To be sure, there is something just a little disturbing in the afterthought indicated in "as a general thing." Our luck is so bad that we wouldn't feel safe in a cage with a lion even if he ran up and down. In fact, we would be almost willing to wager that ours would be one of the unfortunate exceptions which didn't know the rule and so would do his bit toward providing it.

In another respect the lion tamer is a little more specific about lions and therefore more helpful. "It is true, though," he adds, "that you should never let one get behind you if you can help it, though in many of the acts it is not possible to keep all of them in front of you all the time." We can understand this advice, though it is not altogether clear to us just what we would do if a lion tried to get behind us. Of course, we would tell him not to, but after that we should be somewhat at a loss. We have never believed in being rough with lions. Probably we would let him have his way just to avoid argument. As a matter of fact we would have no great objection to having all our lions behind us if only we could keep far enough in front.

"A lion that growls frightfully and acts very ferocious when you are outside the cage may be one of the easiest to handle and get work out of when once you are actually in the cage; and on the other hand, a lion that is mean and dangerous to do anything with in the cage may be exceptionally docile from the outside and allow you to pet him freely."

This should go a long way toward solving the problems of lion tamers. All you have to do before a performance is to make a test from outside the cage. Try to pat your lion and pull his ears. If he growls and bites your hand you will know at once that you may come in and go about your business with perfect safety. On the other hand, if he meets your caresses by rolling over on his back and purring it is up to you to call off the show or send for your understudy.

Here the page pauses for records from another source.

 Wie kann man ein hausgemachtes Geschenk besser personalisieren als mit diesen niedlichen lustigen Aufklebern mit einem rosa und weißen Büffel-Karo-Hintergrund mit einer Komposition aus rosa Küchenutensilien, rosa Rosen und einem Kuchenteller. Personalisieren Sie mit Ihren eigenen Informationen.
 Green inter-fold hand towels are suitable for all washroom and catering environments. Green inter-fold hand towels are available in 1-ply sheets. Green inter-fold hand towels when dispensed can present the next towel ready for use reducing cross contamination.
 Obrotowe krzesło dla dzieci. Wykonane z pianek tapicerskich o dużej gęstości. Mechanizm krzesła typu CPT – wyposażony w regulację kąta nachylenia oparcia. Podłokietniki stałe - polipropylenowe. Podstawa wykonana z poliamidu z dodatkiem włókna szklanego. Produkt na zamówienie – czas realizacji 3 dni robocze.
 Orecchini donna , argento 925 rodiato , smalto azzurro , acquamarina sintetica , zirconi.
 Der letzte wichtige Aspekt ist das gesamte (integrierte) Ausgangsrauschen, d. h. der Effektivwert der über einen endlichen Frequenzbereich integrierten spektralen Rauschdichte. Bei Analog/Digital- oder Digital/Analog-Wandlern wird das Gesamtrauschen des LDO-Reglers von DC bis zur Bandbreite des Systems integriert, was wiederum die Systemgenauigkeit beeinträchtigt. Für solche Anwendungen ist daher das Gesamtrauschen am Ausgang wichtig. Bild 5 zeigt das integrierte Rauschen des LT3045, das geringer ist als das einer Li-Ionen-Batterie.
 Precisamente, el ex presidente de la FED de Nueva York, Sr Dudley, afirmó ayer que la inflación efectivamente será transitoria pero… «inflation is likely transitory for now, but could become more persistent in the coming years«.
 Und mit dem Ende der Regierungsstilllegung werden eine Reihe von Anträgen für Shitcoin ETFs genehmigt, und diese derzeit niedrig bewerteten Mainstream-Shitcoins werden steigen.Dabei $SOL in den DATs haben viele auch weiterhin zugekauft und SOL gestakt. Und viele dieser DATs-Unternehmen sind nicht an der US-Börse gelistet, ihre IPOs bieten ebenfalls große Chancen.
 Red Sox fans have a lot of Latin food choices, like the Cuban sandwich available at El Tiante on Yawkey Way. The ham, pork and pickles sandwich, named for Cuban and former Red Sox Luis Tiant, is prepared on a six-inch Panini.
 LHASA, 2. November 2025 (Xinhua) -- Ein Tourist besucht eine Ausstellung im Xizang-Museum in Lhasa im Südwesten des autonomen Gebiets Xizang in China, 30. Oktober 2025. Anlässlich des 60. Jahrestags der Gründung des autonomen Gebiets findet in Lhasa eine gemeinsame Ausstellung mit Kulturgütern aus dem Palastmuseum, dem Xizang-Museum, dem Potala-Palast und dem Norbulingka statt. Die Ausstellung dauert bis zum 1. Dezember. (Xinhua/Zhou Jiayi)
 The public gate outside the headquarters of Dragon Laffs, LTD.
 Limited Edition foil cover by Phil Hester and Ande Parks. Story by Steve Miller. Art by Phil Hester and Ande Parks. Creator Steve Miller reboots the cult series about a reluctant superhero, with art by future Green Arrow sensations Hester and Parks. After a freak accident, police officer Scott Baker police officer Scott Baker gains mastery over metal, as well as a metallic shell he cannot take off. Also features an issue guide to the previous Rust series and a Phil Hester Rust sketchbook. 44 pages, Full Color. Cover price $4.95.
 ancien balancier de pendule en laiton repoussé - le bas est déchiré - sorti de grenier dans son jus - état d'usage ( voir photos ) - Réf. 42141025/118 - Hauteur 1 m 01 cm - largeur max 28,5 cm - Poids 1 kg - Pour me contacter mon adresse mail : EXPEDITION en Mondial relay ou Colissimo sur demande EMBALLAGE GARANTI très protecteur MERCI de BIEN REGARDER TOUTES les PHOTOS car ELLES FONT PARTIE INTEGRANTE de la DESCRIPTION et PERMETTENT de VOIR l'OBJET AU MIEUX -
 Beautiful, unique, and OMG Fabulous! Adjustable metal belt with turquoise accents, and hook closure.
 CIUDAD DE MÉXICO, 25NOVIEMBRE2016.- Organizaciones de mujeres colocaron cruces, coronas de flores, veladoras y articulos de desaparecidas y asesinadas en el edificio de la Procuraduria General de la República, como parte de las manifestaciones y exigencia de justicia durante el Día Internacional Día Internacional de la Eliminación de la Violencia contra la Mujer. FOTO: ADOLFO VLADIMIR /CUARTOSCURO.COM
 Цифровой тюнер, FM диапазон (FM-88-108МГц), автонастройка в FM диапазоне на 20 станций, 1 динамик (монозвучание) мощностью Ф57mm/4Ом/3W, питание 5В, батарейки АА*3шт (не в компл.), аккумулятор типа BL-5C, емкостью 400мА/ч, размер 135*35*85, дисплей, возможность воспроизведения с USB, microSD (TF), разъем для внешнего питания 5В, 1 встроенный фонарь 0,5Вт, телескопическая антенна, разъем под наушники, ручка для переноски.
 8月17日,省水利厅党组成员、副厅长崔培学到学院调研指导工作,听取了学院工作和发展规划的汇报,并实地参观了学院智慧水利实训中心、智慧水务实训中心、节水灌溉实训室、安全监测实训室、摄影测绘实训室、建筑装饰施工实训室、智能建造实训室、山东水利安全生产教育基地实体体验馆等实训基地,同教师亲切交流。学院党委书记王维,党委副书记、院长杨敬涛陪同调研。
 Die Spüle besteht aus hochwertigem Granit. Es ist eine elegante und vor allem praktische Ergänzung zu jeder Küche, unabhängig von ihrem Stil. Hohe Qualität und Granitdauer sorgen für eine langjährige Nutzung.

The unfortunate fate of such a substitute is described by Conklin with much detail and, we fear, a little relish. The man in question took Conklin's job when he struck for a raise in salary. Things went well enough during the first performance until the very end, and then it was the fault not of the lion but of the substitute, for the trainer was ignorant of one of the cues which had become a part of the act.

"I had taught George to jump for me as I went out the door," writes Conklin. "It had been done by blowing on his nose and then jumping back as you would play with a dog. It always made a great hit with the crowd, who supposed it had seen a lion try to eat a man and that I had had a very narrow escape. I worked it this way: After I had finished the rest of my act I would get George all stirred up and growling. Then I would fire my pistol two or three times and jump out of the cage as quickly as I could. At the same time George would give a big lunge and come up against the door which I had just shut behind me. George had learned the trick so well that I frequently had to turn on him once or twice and work him farther back from the door before I dared attempt getting out."

Unfortunately the substitute had missed all this part of the act. He started out of the cage and George jumped at him and the man was not prepared to dodge. The moral seems to be that nobody should covet another man's job, not even that of lion taming.

Some readers we suppose will find Mr. Conklin's lion stories unwelcome because they may tend to take away their illusions. It is not to be denied that he has to some extent rubbed the gilt off the gingerbread by writing that the record for all the lions he has known consists of one substitute trainer and a cow. His whole attitude toward lions is contemptuous in its calm and so is the attitude of practically everybody else in the book with the exception of the cow and the substitute trainer. Even they suffered a little, at first, from overconfidence.

On the night down in Philadelphia when Wallace, the big lion, escaped from his cage in winter quarters nobody grew excited. O'Brien, the owner of the show, did not even get up, but called through the door "Go git Conklin!" The preparations of the trainer were simple. First he got an iron bar and then he found the lion and hit him on the end of the nose. "After a few minutes," he adds, "I had him safely locked in again."

Lions, for all their air of authority, seem to be easily dominated. They're not so much wicked as weak. Anybody with a little firmness can twist them around a finger, possibly not the little finger, but any of the others. It is a great pity that lions should be like that. To be sure, the information ought not to come as a surprise to anybody who is familiar with the Bible. The condition we have mentioned has existed for a long time. As far as we know, Daniel had not so much as an iron bar when he went into the den. He overawed the lions with nothing more than faith.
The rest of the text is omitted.